Le voyage de Sadate à Jérusalem, en 1977 [lui-même unique], ne témoignerait-il pas d'une telle épreuve d'hospitalité? Si le nom Sinaï appartient à plusieurs temps, alors ce voyage pourrait, lui aussi, déterminer une expérience messianique autour des concepts fraternité, humanité, hospitalité. Il se pourrait que le messager de la Torah soit l'autre homme, l'étranger, et qu'il ait lui aussi la mémoire "d'une parole qui aura eu lieu avant même d'avoir lieu, d'un événement passé plus vieux que le passé et plus ancien que toute mémoire ordonnée à la consécution empirique des présents, plus vieille que le Sinaï". La vérité messianique excède l'identité, elle déborde le lieu et le moment de la révélation. On peut toujours substituer une autre unicité à un peuple élu, unique.

Fragment en hébreu du Talmud provenant de la gueniza du Caire.

 

 

Jacques Derrida semble ignorer cette tradition juive selon laquelle la torah existait avant même la création du monde.
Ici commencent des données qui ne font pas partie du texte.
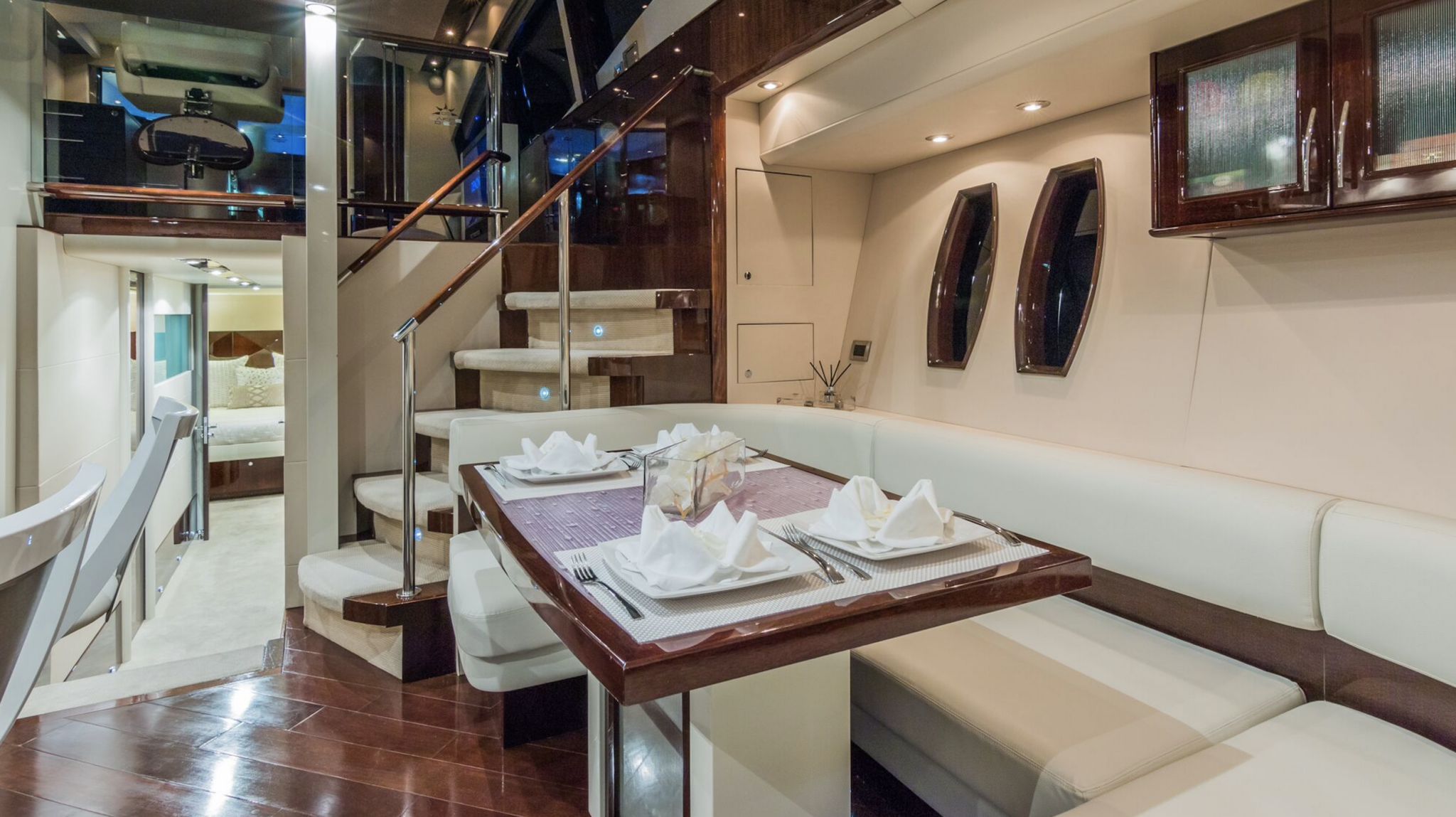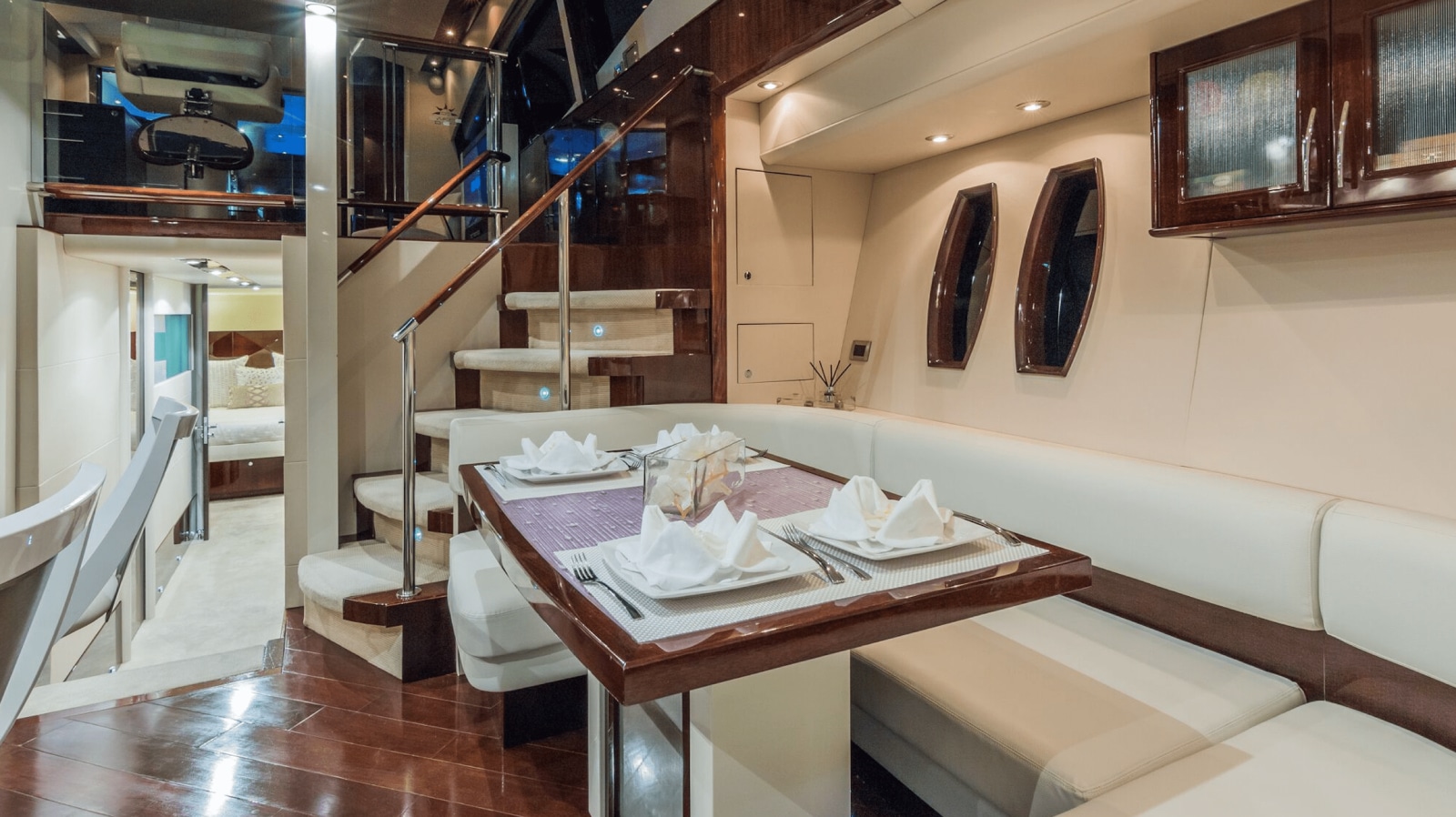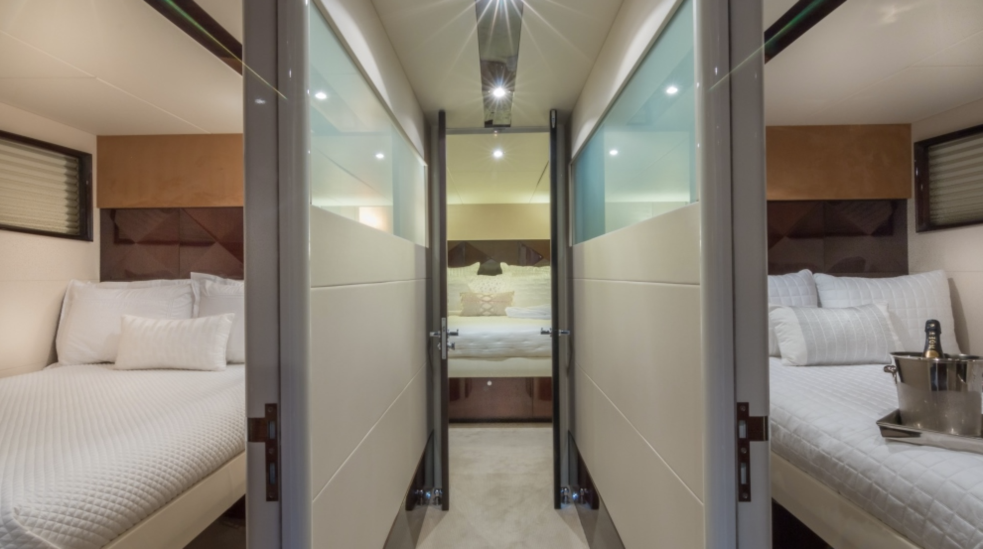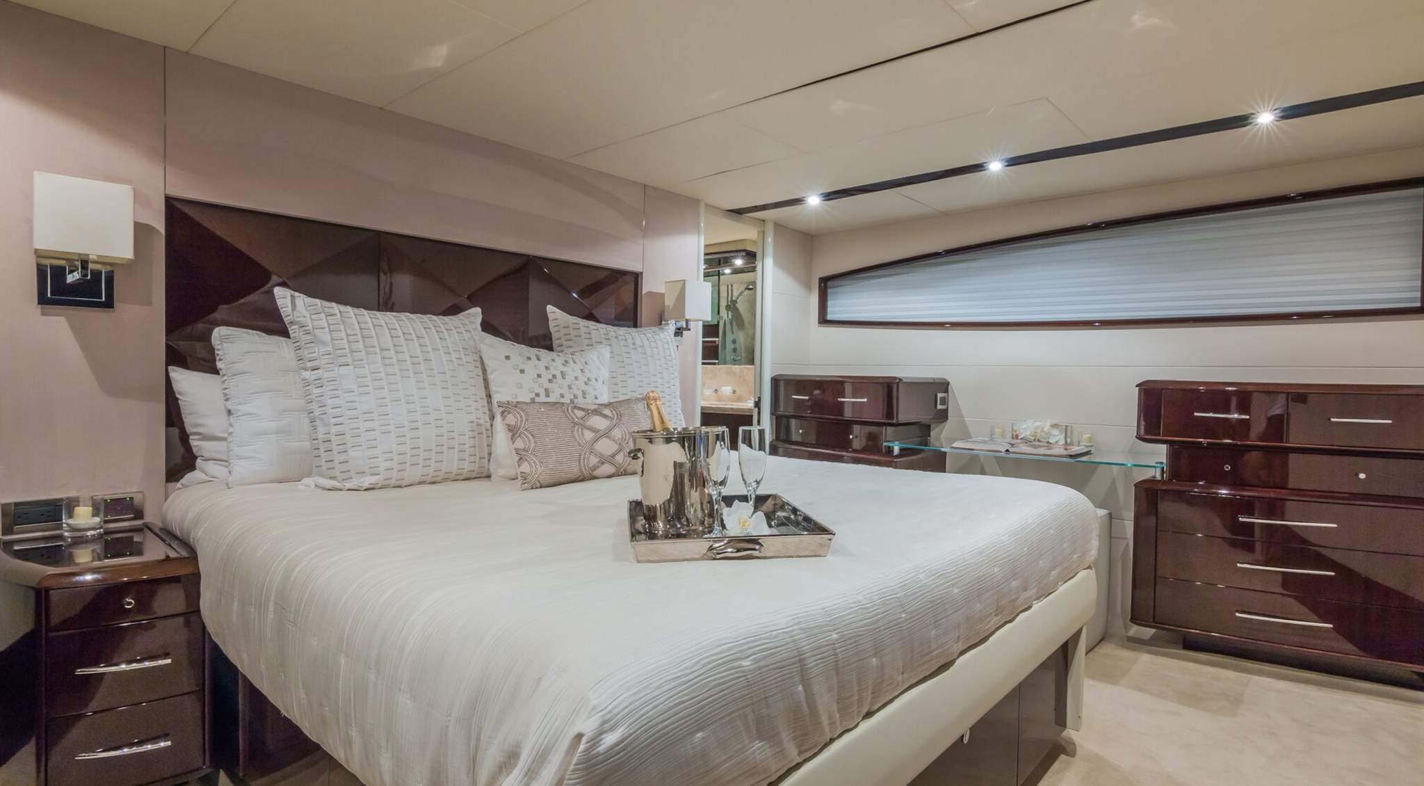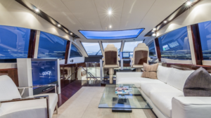 From the moment you first glance at the revolutionary design there is an undeniable presence about this Lazzara model. It exudes modernism, sleek, elegant, and confident. It is the ultimate yachting experience you want to be part of. She is equipped with 4 cabins (sleeps 8). 1 king bed and 3 queen and 4 bathrooms. Moreover, it has a platform for easy access jumping in the ocean and relax on it while soaking up the sun. Enjoy the waverunner, pull tubes and beach games while taking a break. Captain, mate, Local idle cruising fuel, soft drinks, water and ice included.

(extrait de www.hevratpinto.org).

Rashi rapporte dans son commentaire les paroles de nos Sages: « Pour la Torah qui est appelée le début de Sa voie (Mishley 8:22) et pour Israël qui est appelé prémices de Sa récolte » (Yérémia 2:3). S’il en est ainsi, le mot Béréshit ne signifie pas seulement qu’au commencement D. créa les cieux et la terre, mais il indique aussi que c’est pour la Torah et pour Israël que le monde fut créé. Il est dit aussi (Zohar Trouma 161b): « D. créa le monde selon le plan de la Torah et conformément aux principes qui y sont consignés, et le monde et tout ce qu’il contient fut achevé, uniquement par la Parole de D. ». La Torah existait donc avant la création du monde, elle était Son délice, comme il est écrit (Mishley 8:30): « J’étais pour Lui un plaisir permanent » jusqu’à ce que D. ait désiré créér l’univers pour la Torah. Elle fait le bonheur de D. (Béréshit Rabba 1:1), et c’est elle que D. souhaita donner à ceux qu’Il aime pour qu’ils obéissent à ses lois et vivent selon ses commandements, afin que le monde entier soit soumis à la souveraineté de D. comme il est écrit (Yérémia 33:25): « Si ce n’était pour Mon alliance perpétuelle, Je n’aurais pas fixé les lois du ciel et de la terre ». Ce qui causait notre perplexité devient clair à présent: la Torah débute par « Au commencement » et non par « Au début de Sa voie », car la Torah a précédé la création du monde et elle en est la raison d’être. Nous savons que le but de la création de l’univers est de rendre manifeste la perfection des actes de D., de faire connaître Son Nom et Ses attributs (l’Intelligence et la Sagesse) qui sont les secrets de la Torah. L’homme porte la responsabilité de perpétuer et de perfectionner ce monde à l’aide de son âme, partie divine de son être. Le mot Béréshit désigne la Torah et Israël (yashar, ceux qui sont droits), qui sont les prémices (réshit) et c’est pour eux que les cieux et la terre furent créés.